Maybe it’s time for a reset.
You know that point in the movie when you get caught up in a conversation or the phone starts ringing, and you find yourself talking over the storyline only to discover you’ve missed an important plot line? You forgot to hit pause, and know you’ve jumped ahead and need to hit rewind. Or maybe even restart the whole thing over again.
That’s what life is like sometimes.
We all get caught up in our long list of “to do” items and things like social media or deadlines at home and work that constantly require our attention (simultaneously), that we start to neglect crucial parts of our lives until we suddenly realize we’ve missed something important. Or maybe we’ve unknowingly hurt someone we love.
In that case, it’s OK to ask for a reset. Love is one of those emotions that can lead to jealousy or resentment if not nurtured regularly. So if your loved one is feeling neglected, take the time to listen to their feelings. Then ask for forgiveness. Hit reset.
If they love you back, they’ll move forward with you.
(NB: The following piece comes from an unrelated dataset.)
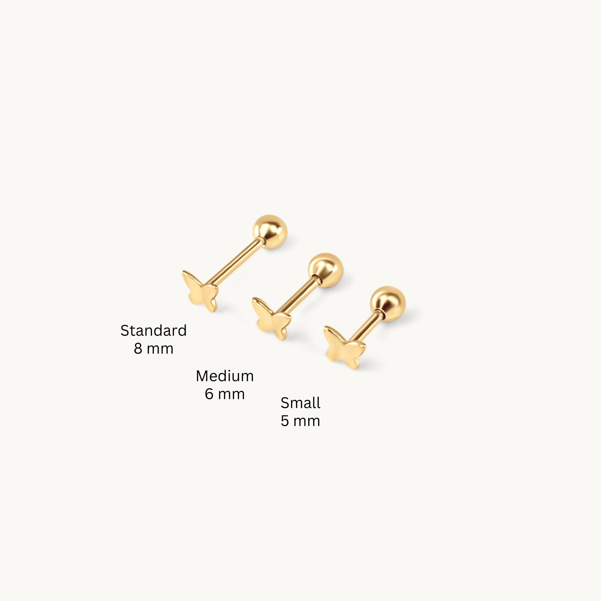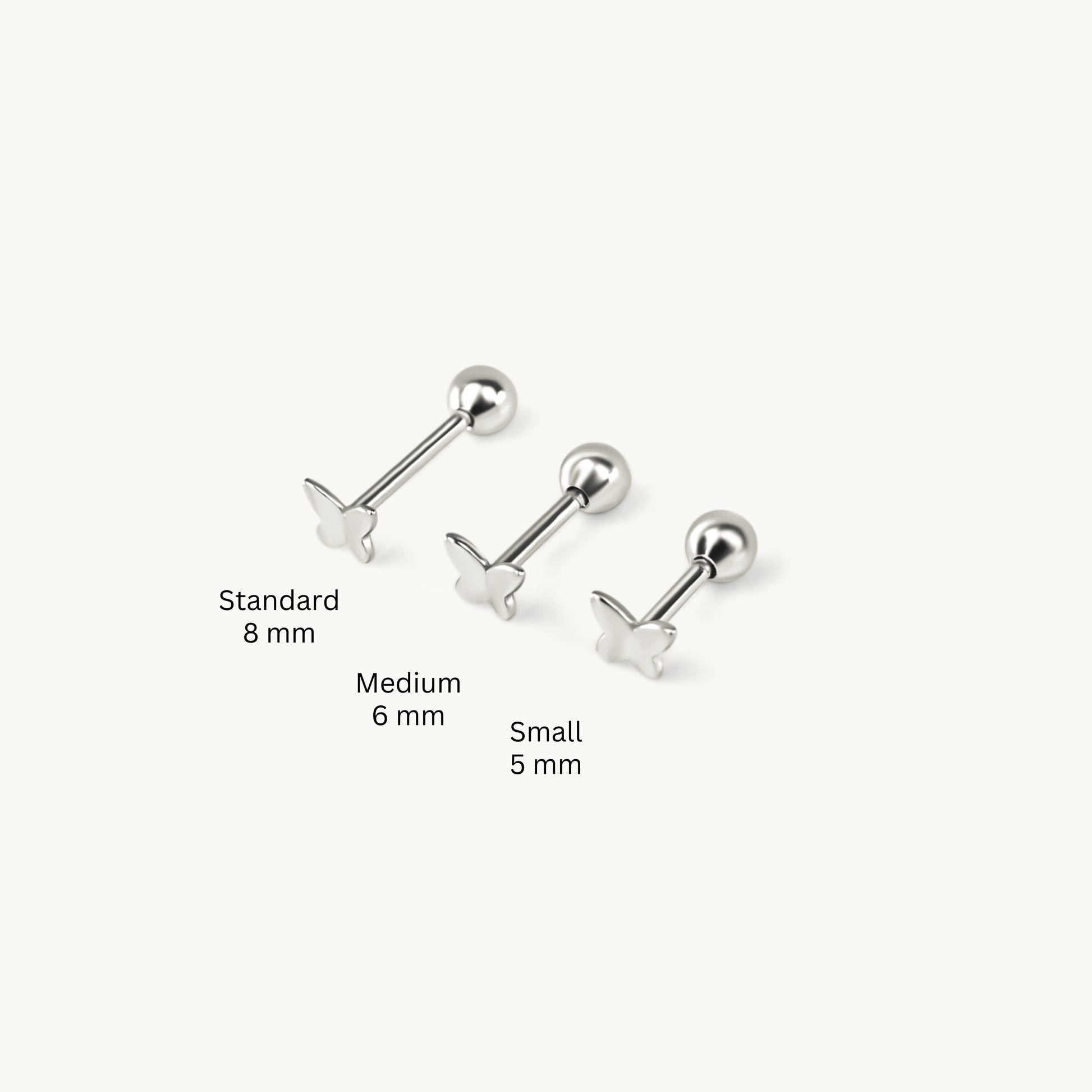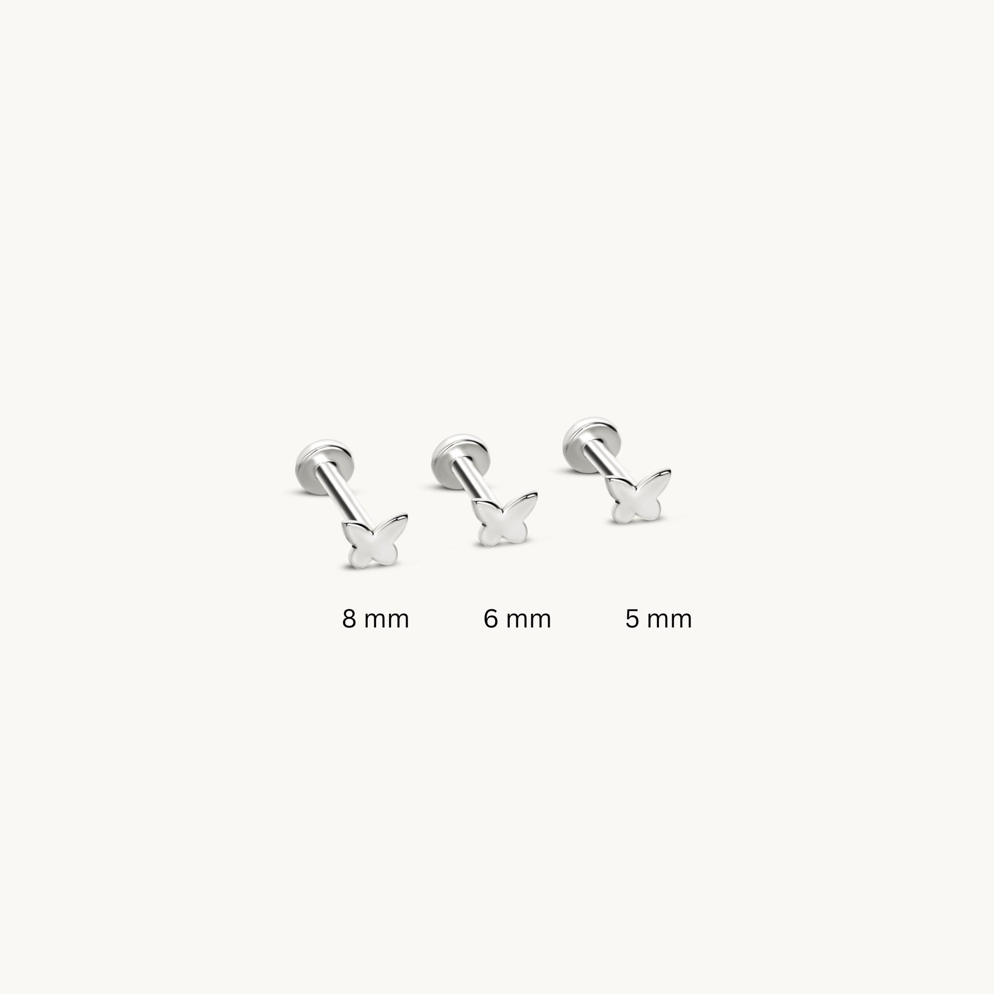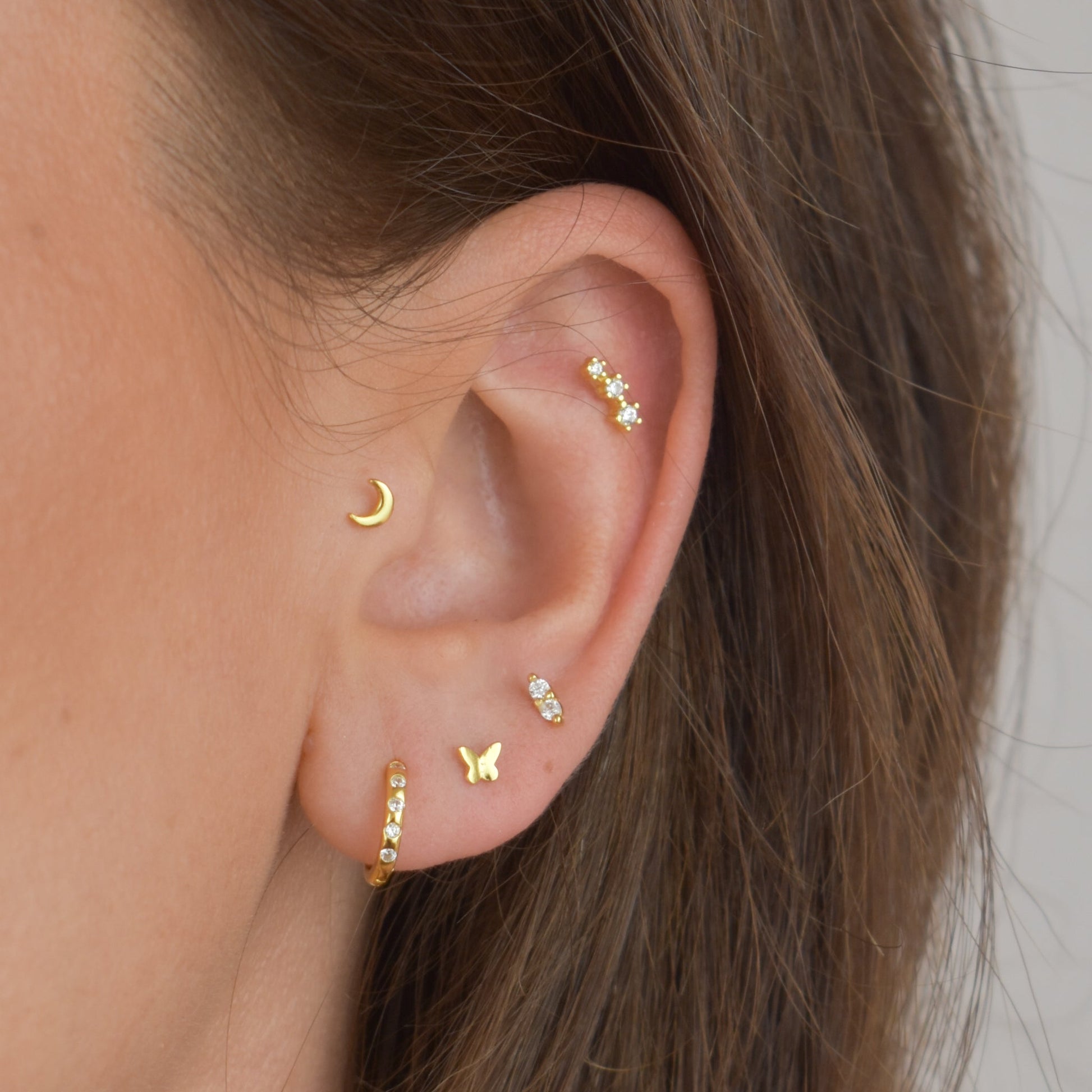 Verleihe Deinem Ear-Candy-Look einen süßen, funkelnden Akzent mit unserem Butterfly Piercing. Der zarte Schmetterling bringt einen femininen Glow an Dein Ohr und lässt sich dank drei wählbarer Stablängen perfekt an jede Ohrstelle anpassen – ob Helix, Tragus, Conch oder Lobe.

I recently made one of the biggest, most stressful, and exciting decisions of my life. I bought my first house.
In my late 30s, I may be a late bloomer, but the goal of owning my own place had been lingering in my mind, until it became a 24/7 race to the finish line. That was my entire focus for the last four months.
Meanwhile, I left a trail of dust behind me where my partner was standing. I didn’t realize how much I had been neglecting him. While I was charging full-steam ahead to reset myself, grow as an individual, and reach that goal, I accidentally managed to steamroll over my boyfriend. The threat of a breakup was enough to make me pause and take notice.
While it is an amazing accomplishment to reach and complete a milestone like owning your own home, it’s another thing to allow yourself to become overly consumed by it. For me, my OCD took complete control of my life. I only had the best intentions, but I put everything else on auto-pilot – including my relationship. But that wasn’t fair in the least.
Me to him: I’m sorry. Can we please have a re-do?
Resetting Your Relationship
If your partner cares enough to forgive you and agrees to try again, where do you start?
- Open Communication. It’s vital to practice open communication with your partner. Hear and really listen to each other’s feelings. Don’t lash out. Don’t talk back. Recognize that each partner’s feelings are equally valid and meaningful. Be open to the words, and keep things civil and kind. Speak with love, not anger. And take turns talking. Never talk over each other.
- Wipe the Slate Clean. Now wash off the slate between you. Forgiveness must be true and without judgement. It’s the act of letting go of anger or resentment. This can be a difficult step, but it is probably the most important one.
- Reconnect. Now that all the grievances have been aired, it is essential to start fresh. Go on a “first date” with your partner all over again. Dress up and meet somewhere special. Make it a fun outing where you can really be yourselves, and reconnect on a deeper emotional level. Take a romantic nature walk, go bowling, or take an unexpected road trip. Share a happy experience together.
Keep the first two steps clearly in your mind and do not let any distractions, such as your cellphone or social media, get in the way. Turn off your phone, laptop, and TV, and spend real quality time together. Real. Quality. Time.
Then rinse and repeat over again during the next few months. Nurture your relationship as a couple. If you’re lucky, before you know it, you’ll have fallen in love with each other all over again.